Set down, word for word, every line of the material below from the one containing "În această seară, cu" through the one containing "입학을 추천하고 매 학기", but none of its pictures.

**RECORDS PROVIDED**
————————

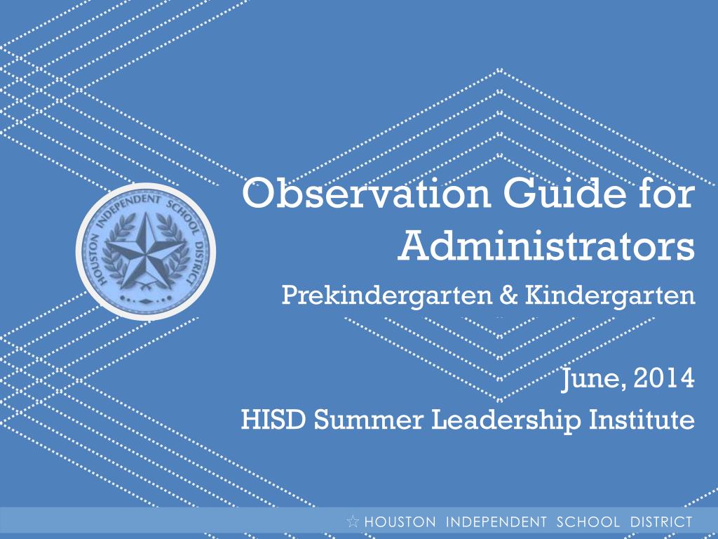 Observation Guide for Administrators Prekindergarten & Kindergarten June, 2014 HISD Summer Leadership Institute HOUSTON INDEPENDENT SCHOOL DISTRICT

————————

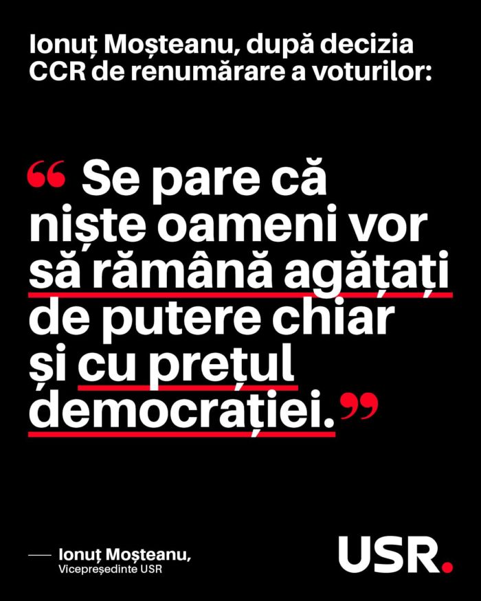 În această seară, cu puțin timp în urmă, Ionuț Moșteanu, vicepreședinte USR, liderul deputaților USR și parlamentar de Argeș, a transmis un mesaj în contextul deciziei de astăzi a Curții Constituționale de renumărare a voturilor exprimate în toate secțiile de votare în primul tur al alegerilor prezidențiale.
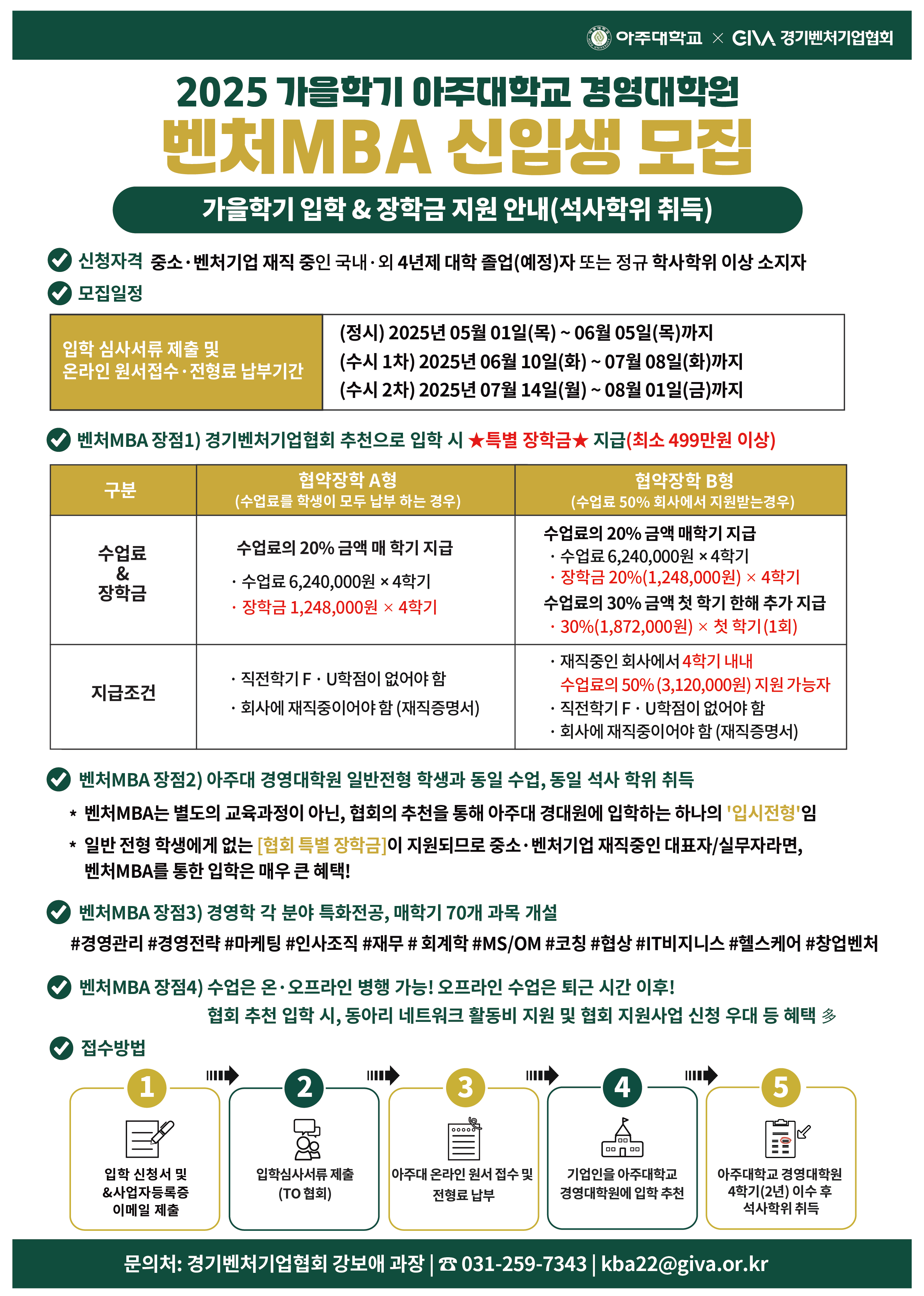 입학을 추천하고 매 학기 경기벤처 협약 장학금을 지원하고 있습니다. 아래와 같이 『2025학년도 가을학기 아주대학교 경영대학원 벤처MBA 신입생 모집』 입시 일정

————————

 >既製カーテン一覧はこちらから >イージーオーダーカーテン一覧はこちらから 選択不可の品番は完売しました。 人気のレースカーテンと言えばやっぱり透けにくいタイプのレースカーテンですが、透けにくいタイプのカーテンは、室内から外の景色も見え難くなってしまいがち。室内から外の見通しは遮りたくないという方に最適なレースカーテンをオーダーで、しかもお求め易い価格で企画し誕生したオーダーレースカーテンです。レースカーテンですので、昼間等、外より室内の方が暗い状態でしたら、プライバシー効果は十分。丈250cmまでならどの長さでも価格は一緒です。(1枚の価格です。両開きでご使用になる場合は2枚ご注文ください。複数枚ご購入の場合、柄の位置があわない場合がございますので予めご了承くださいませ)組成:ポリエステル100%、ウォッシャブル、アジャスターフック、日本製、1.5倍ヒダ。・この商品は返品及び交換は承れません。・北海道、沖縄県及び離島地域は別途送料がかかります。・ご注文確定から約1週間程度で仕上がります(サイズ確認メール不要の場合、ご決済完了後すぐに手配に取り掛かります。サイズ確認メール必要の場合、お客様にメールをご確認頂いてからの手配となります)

————————

**OUTPUT FOR THIS EXERCISE**
 În această seară, cu puțin timp în urmă, Ionuț Moșteanu, vicepreședinte USR, liderul deputaților USR și parlamentar de Argeș, a transmis un mesaj în contextul deciziei de astăzi a Curții Constituționale de renumărare a voturilor exprimate în toate secțiile de votare în primul tur al alegerilor prezidențiale.
 입학을 추천하고 매 학기 경기벤처 협약 장학금을 지원하고 있습니다. 아래와 같이 『2025학년도 가을학기 아주대학교 경영대학원 벤처MBA 신입생 모집』 입시 일정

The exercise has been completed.